◆ EXERCISE BRIEF ◆
Print exactly the lines that run from the first line of the material to the line containing "使用【再投资券】可以刷新1次投资次数,记得投资完了再使用。", both ends included, and skip the pictures.

◆ DATA SHOWN ◆
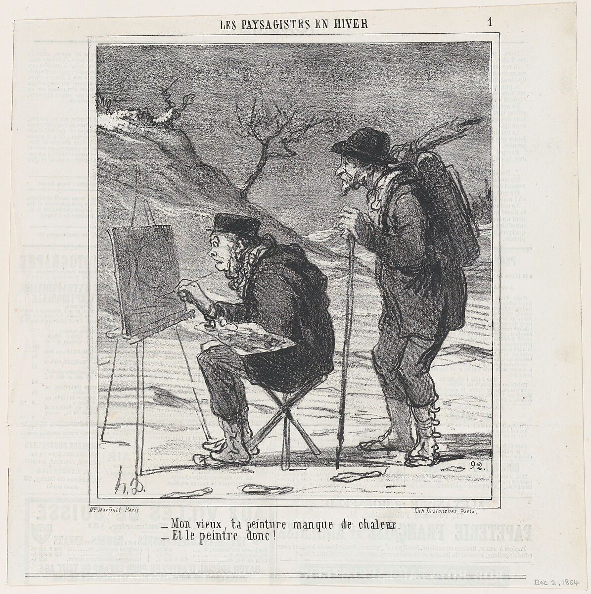 - Title: Old fellow, your painting lacks warmth, and the painter to be sure!, from 'The winter landscape painters,' published in Le Charivari, December 6, 1864
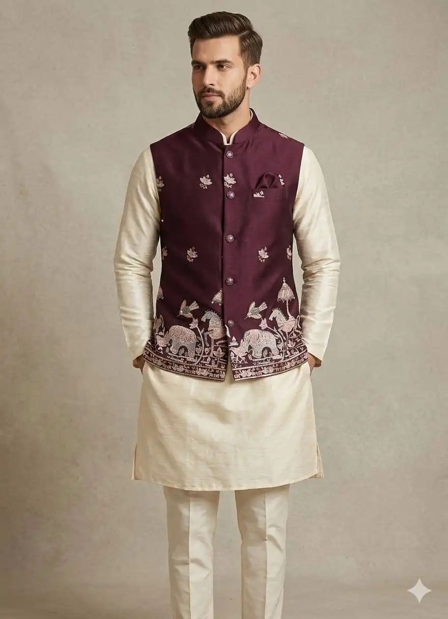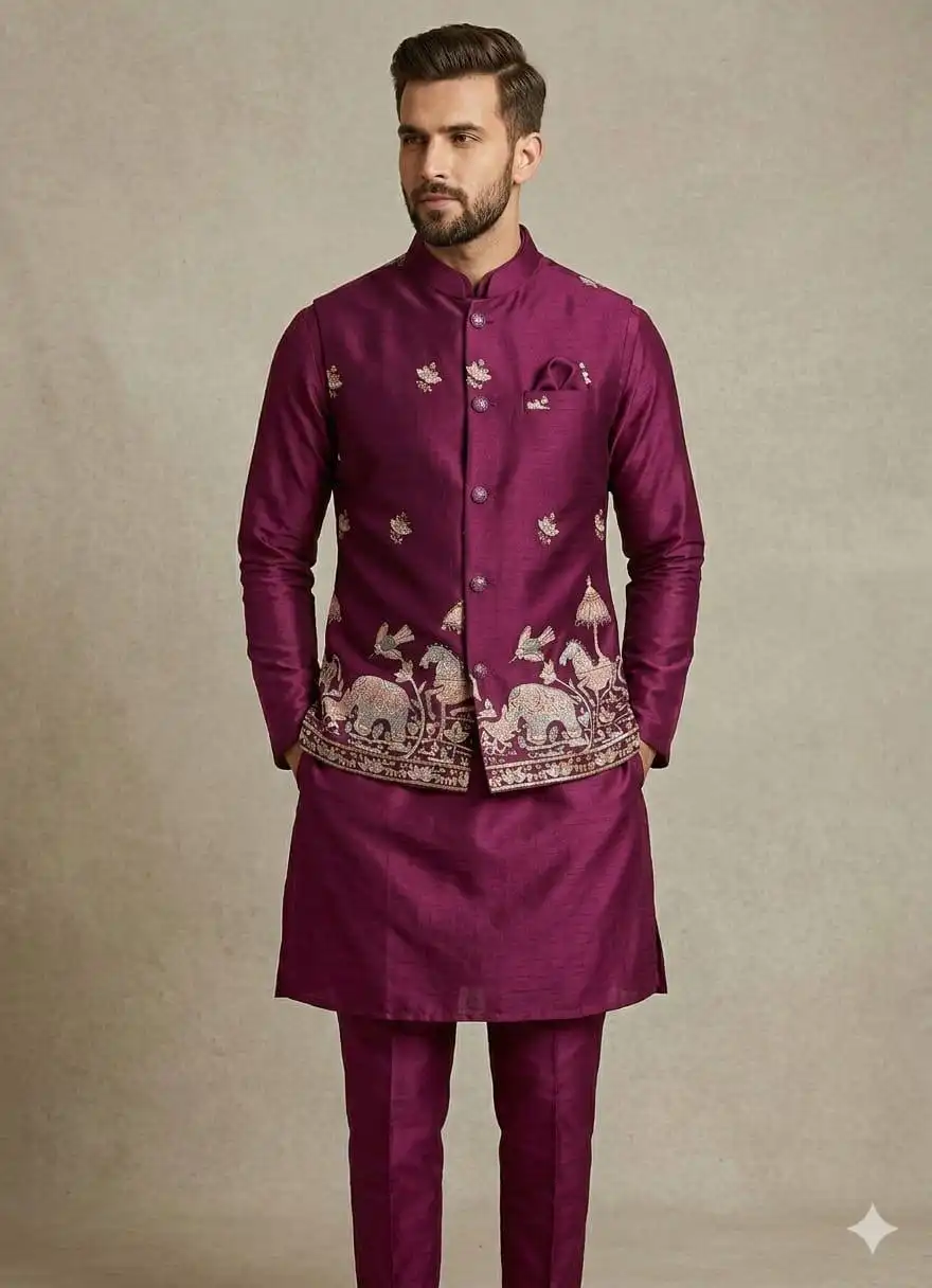 Shyam Vol 89 Wedding Kurta Pajama With Embroidery Koti
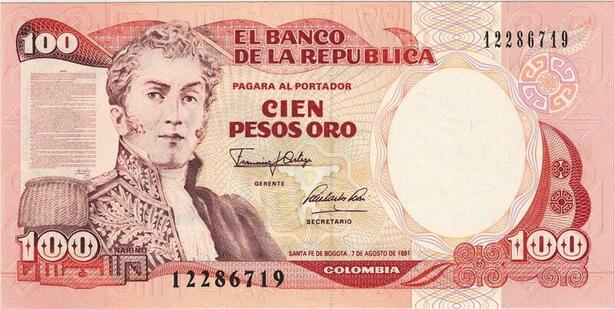Q0766 Banknote Colombia 100 Pesos Oros General Antonio Nariño 1991 UNC
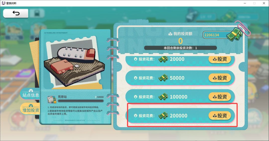 使用【再投资券】可以刷新1次投资次数,记得投资完了再使用。
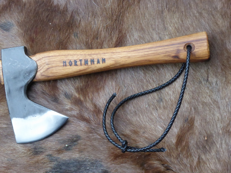 Sie bieten auf ein finnisches Jagdbeil Modell der Marke "NORTHMAN" im Kuraseando Stil mit breiten Backen, Eichenfarbenem Stil und geflochtenem Fangriemen.
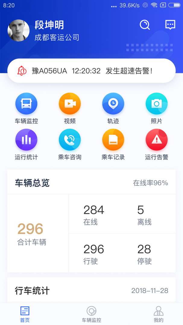 1、进入首页及时查看告警,车辆超速告警可以及时知道;
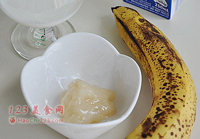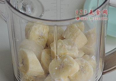 2、将香蕉果肉切成块,倒入搅拌机中。加入蜂蜜、鲜牛奶。
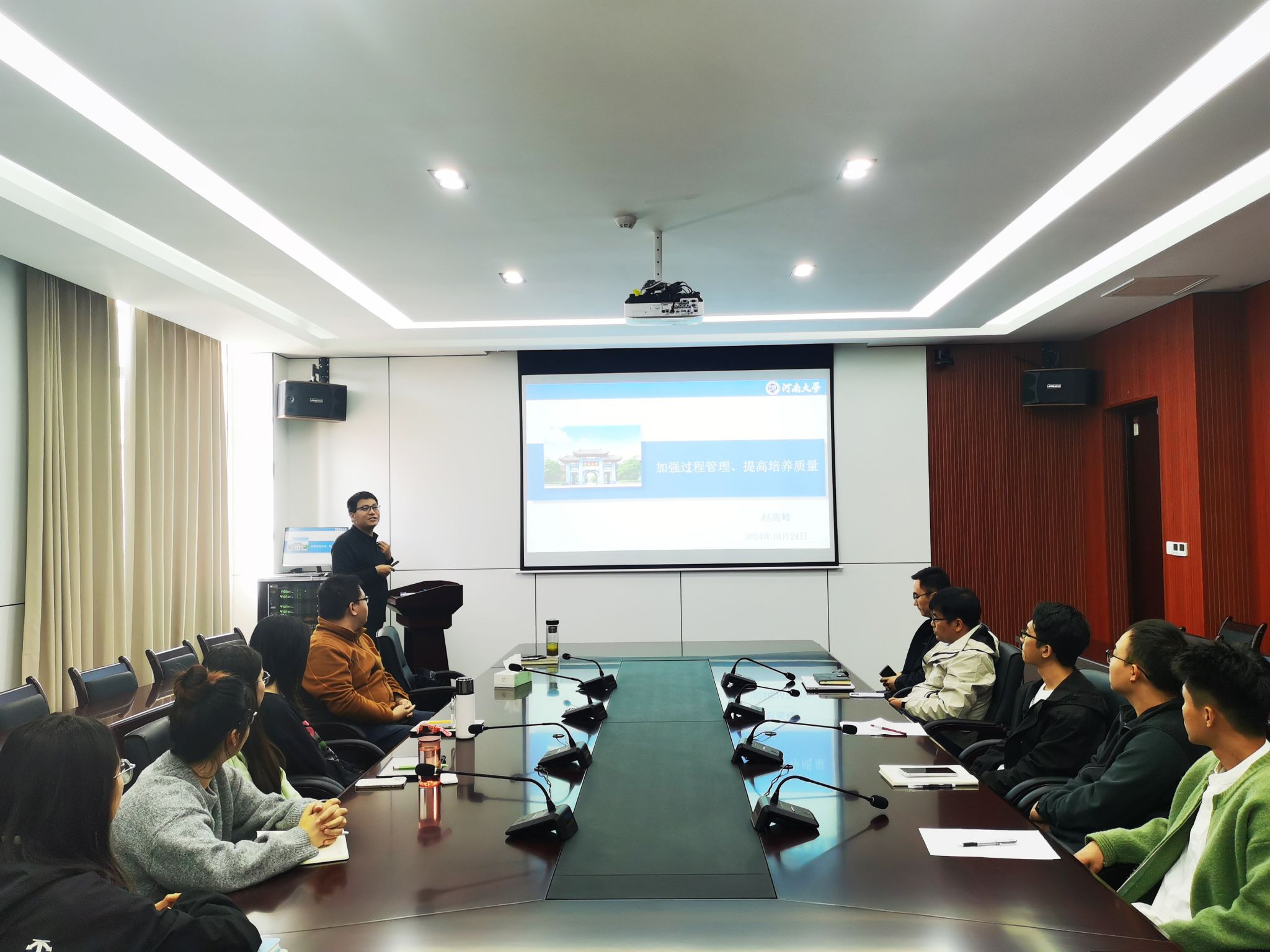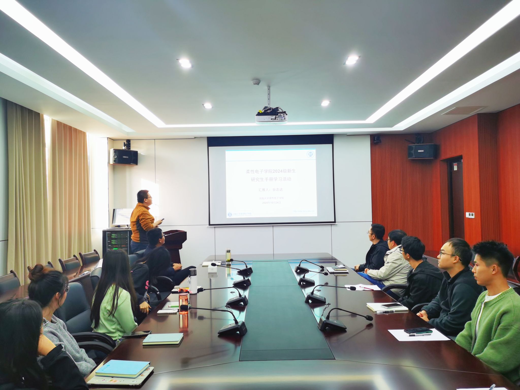 为落实立德树人的任务,引导研究生坚定崇高理想信念,树立学术科研信心,深入了解校史校情,尽快适应科研环境、校园文化生活,扎实做好学业生涯规划,1024日下午,麻豆网 组织学院领导班子成员和青年骨干教师组织2024级研究生新生开展入学教育培训活动。
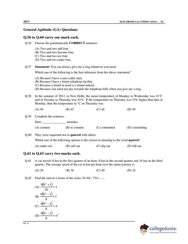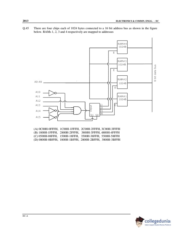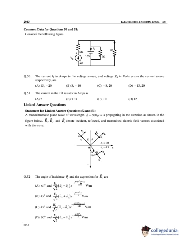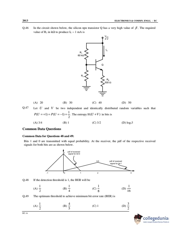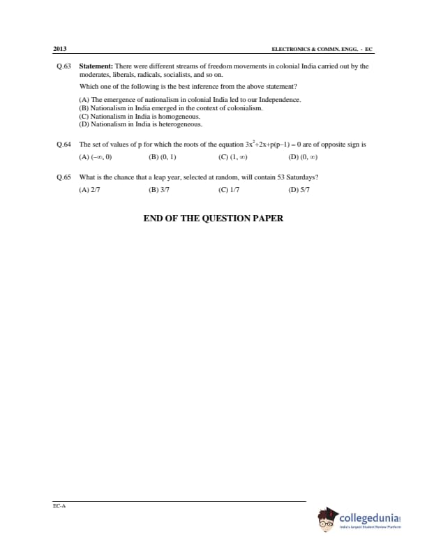 GATE 2013 Electronics and Communication Engineering (EC) Slot 1 - Offline Question Paper with Answer Key pdf is available for download. The exam was conducted by IIT Bombay on February 10 in the Afternoon Session. In terms of difficulty level, GATE Electronics and Communication Engineering (EC) Slot 1 - Offline was of Moderate to Difficult level. The question paper comprised a total of 65 questions from General Aptitude and Electronics and Communication Engineering (EC) Slot 1 - Offline topics.

◆ PROBLEM SOLUTION ◆
 - Title: Old fellow, your painting lacks warmth, and the painter to be sure!, from 'The winter landscape painters,' published in Le Charivari, December 6, 1864
 Shyam Vol 89 Wedding Kurta Pajama With Embroidery Koti
Q0766 Banknote Colombia 100 Pesos Oros General Antonio Nariño 1991 UNC
 使用【再投资券】可以刷新1次投资次数,记得投资完了再使用。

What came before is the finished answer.